Multi-tenancy in SingleStoreDB

Multi-tenancy — a very early decision for any company or piece of software that aims to serve multiple customers at the same time, each with their own data — is hard. Multi-tenancy is common in SaaS companies, and if you don’t have time to stop and really think about this decision at the beginning of your project, you will have to live with that for some time — and migrating from one strategy to another might not be as simple as you’d expect.

Let’s dive into some of the models that commonly use multi-tenancy. Keep in mind that the ideas and examples here are geared toward relational databases, but the same applies to most kinds of datastores available.

taking-a-closer-look-at-multi-tenancy-modelsTaking a closer look at multi-tenancy models

One schema: multi-tenancy by tenant column

In this model, you have one master schema and one version of each of your tables. All customer data is stored in the same set of tables, independent of the customer. To distinguish data between customers, every table has a tenant ID column (or whatever you prefer to call it).

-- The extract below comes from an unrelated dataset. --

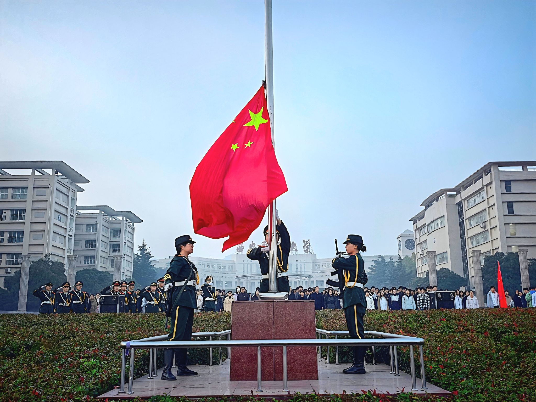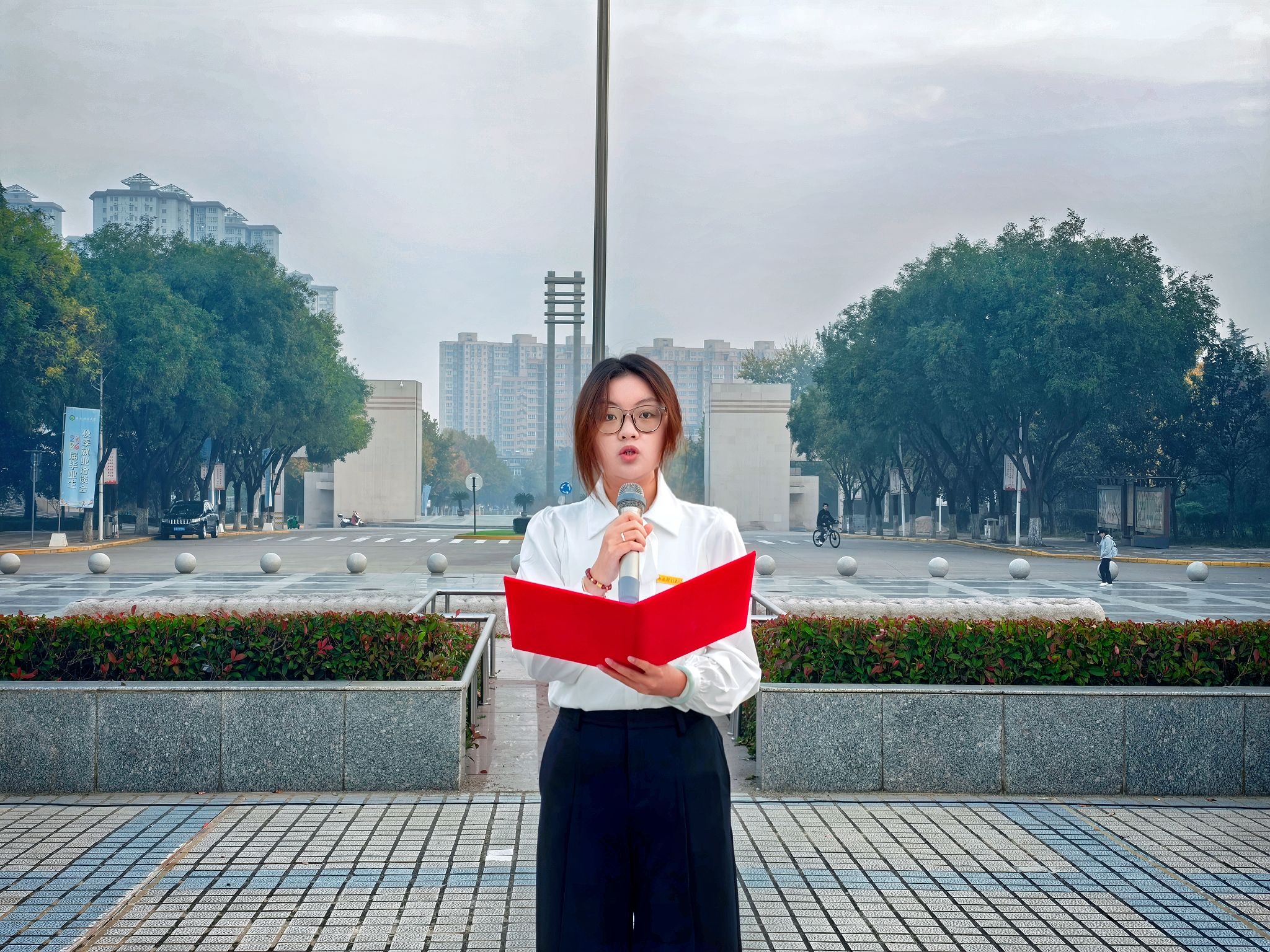 11月3日清晨,临潼校区骊山校园中心广场举行升国旗仪式,马克思主义学院红言宣讲团讲师郭依麟作国旗下主题宣讲。

This means that for every query you develop in your application, you want to ensure it has that tenant ID column filtered to the correct customer issuing the request. There are a lot of ways to ensure this accuracy, but it’s very dependent on the language and frameworks you are using to access the data. As a rule of thumb, you’ll want to write several tests around that logic to ensure that even when a developer makes a mistake, data from one customer will not show up when another customer is using the app (since this can be really harmful to your company’s reputation).

Apart from the app logic to make sure you are querying the correct data, there are performance and maintenance considerations as well. If all data is within one table that will be served by one database server (in most cases), you can run into a few problems:

  1. There can be a “noisy neighbor”— one enterprise customer that imports a lot of data and has a lot of users, where the database resources are not properly divided and customers can be compromised.
  2. Depending on the database you’re using, you may experience “locking.” When running transactions or DDL queries, you risk locking the table for minutes. It’s also not trivial to dedicate database resources to a certain customer in that scenario.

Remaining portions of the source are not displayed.